Host and Millennial Panel Speakers

Host and Millennial Panel Speakers

Our session started with personal introductions and a highlight of the IBV report. Our host was the Global Program Director of IBM Channel Marketing and Digital Strategy, Deborah Kestin-Schildkraut, and my fellow panelists included, Vice-President of Operations for InfoSystems, Brent Hales, and Digital Media Strategist for Corus360, Haley Schmidt. During the presentation, Schildkraut shared a few contrasting stats and millennial myths from the IBV study, a few which stood out to me included:

54% of Millennials don’t fully understand their organization’s business strategy (for Baby Boomers, it’s 58%)1

This was a startling truth exposed through the report as more than half of the study’s correspondents didn’t fully understand their company’s strategy1, nor their role within that strategy. In a competitive marketplace, it’s crucial for employees to understand their organization’s vision, mission, and their direct impact on it since employees represent and embody the brand itself.

47% of Gen X would leave their current job for another offering more money and a more innovative environment (for Millennials, it’s 42%)1 .

These data points in addition to a few others within the study, such as desiring more work responsibility and making a positive social/environmental impact, refute the myth that Millennials are more likely to change jobs if it doesn’t fulfill their passions.

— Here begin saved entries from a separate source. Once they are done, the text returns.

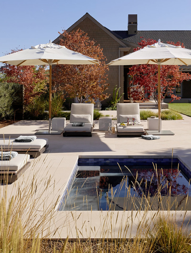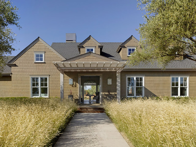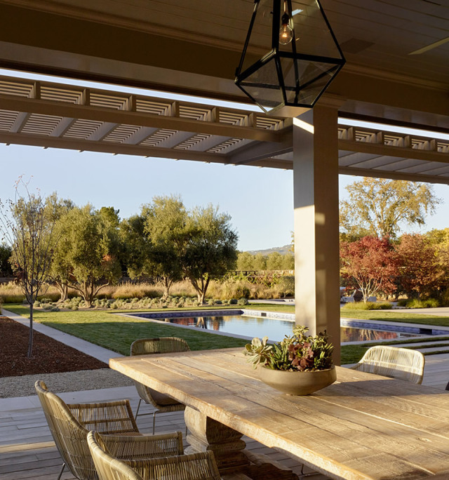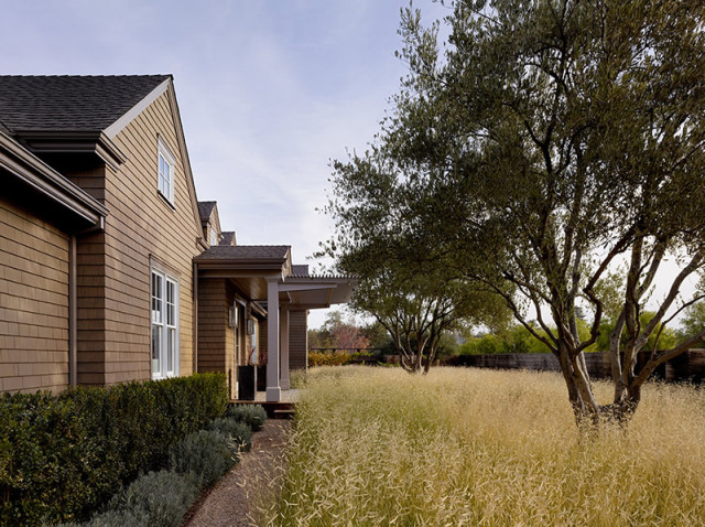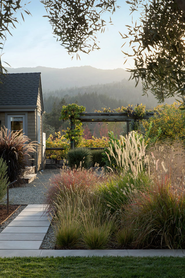 这个田园居所被葡萄园环绕,经历了戏剧性和解放性的改变,将其特性与独特的环境景观相协调。其坐落于葡萄园之中,此前的设计是一处杂乱无章的传统型多年生四季花园,采用了不适合的搭配以及不透水路面。如今,定制的花园则规划出了具有当代气息的精致色调。其与邻近土地环境之间的连接是通过大片的草地,季节的色彩,以及提供了藤蔓与连绵起伏的丘陵的精致的策略性循环流通进行强化的。
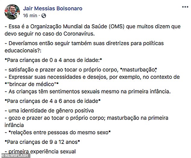 Bolsonaro, 65, ranted online about the WHO’s alleged recommendation children under four derive ‘satisfaction and pleasure upon touching their own body *masturbation*’.
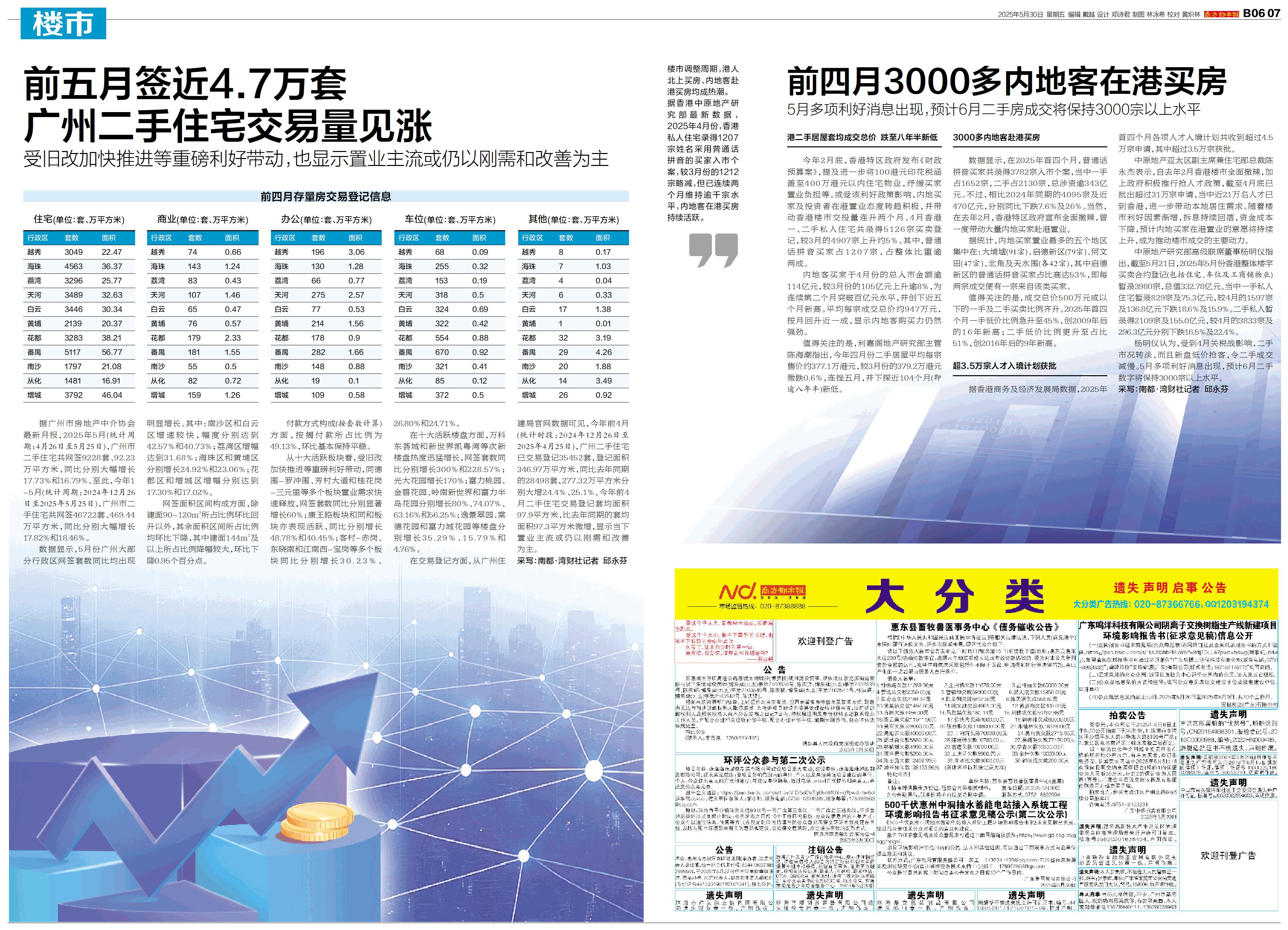 据广州市房地产中介协会最新月报,2025年5月(统计周期:4月26日至5月25日),广州市二手住宅共网签9228套、92.23万平方米,同比分别大幅增长17.73%和16.79%。至此,今年1-5
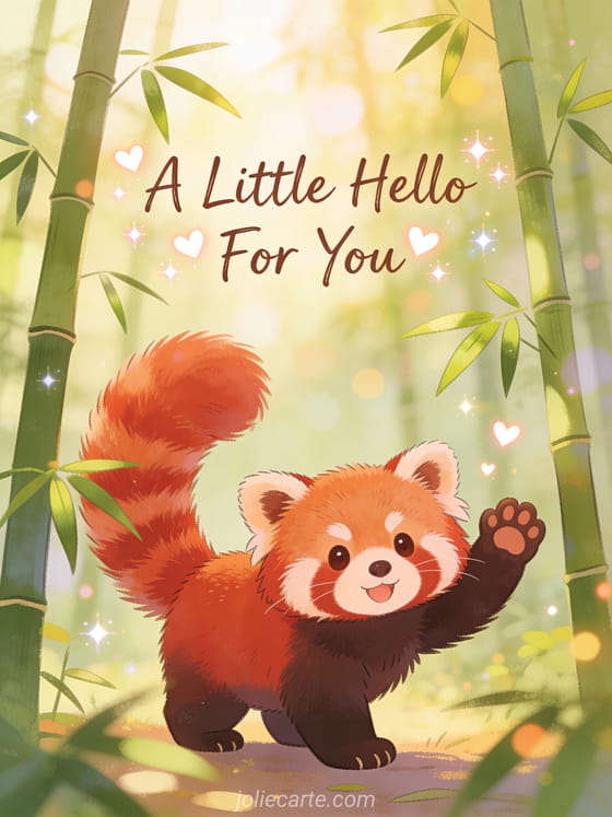 Brighten someone's day with this adorable little hello card. A cute red panda waves its fluffy tail in a soft bamboo forest. Also discover a hello with coffee card or a thinking of you card.
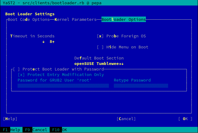 YaST2-Bootloader 中的密码保护小部件自 GRUB1 时代以来就没有改变过,但 GRUB2 允许更精细地调整密码设置。事实上,它包含一个完整的用户管理系统,其中多个用户可以具有不同的权限和不同的密码。对于 YaST,我们喜欢保持简单,因此仅支持“root”用户的密码。这让一些人感到困惑,所以我们决定通过调整一些标签来改善用户体验……并在过程中修复了一些拼写错误。 ![]()
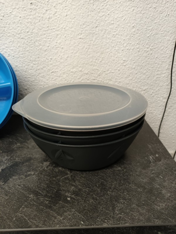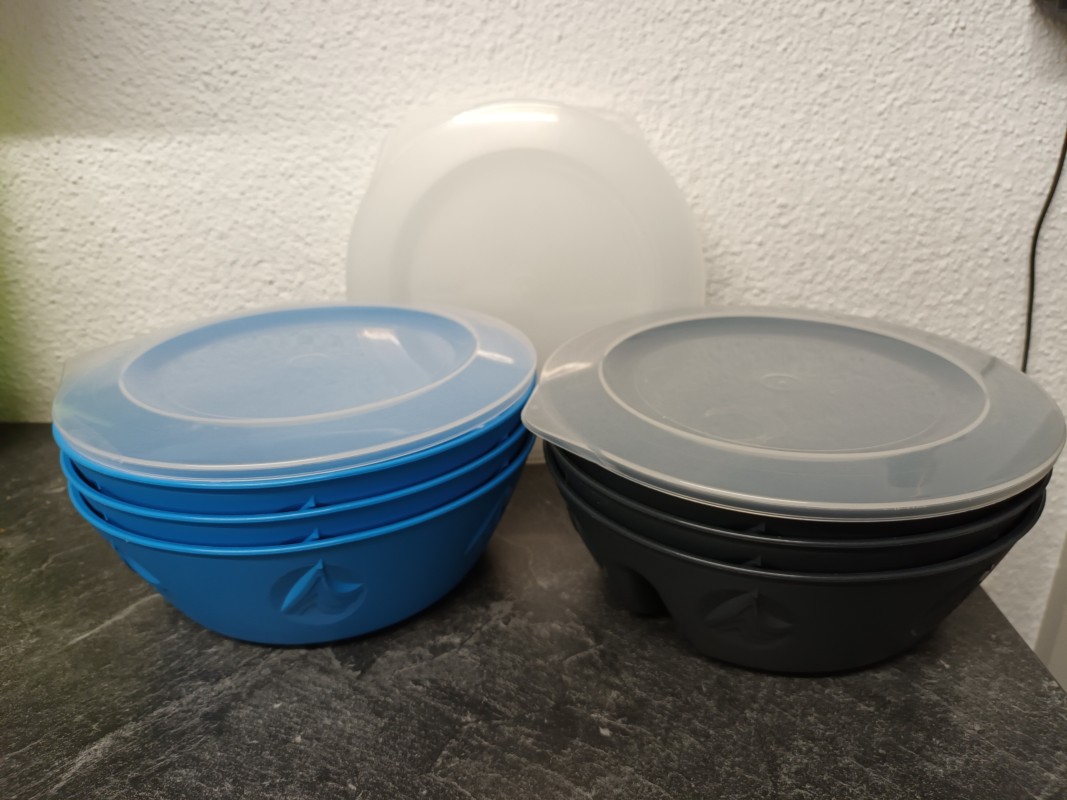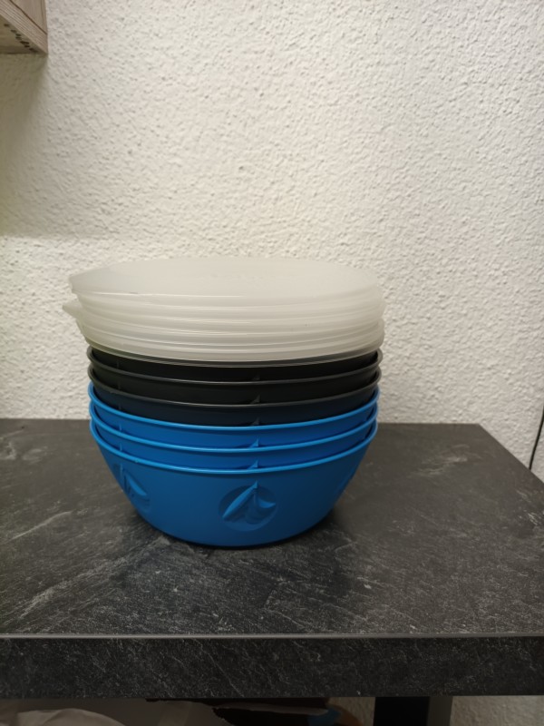 Mehrwegschalen, geteilt, mit Deckel, 3 Stück blau, 3 Stück schwarz

70% of Baby Boomers don’t think their organization is effectively addressing the customer experience (for Millennials, it’s 60%)1

This uncomfortable truth was one that I feel is within an organization’s control if they determine which areas can become more efficient that directly impact customers, then implement innovative technologies to address those areas more quickly.

After several stats were shared, the Q&A portion of our panel discussion commenced. One of the questions directed towards me enabled me to highlight how a company’s talent search is a two-way interview process.

I was asked, “What would attract you to work for a company?”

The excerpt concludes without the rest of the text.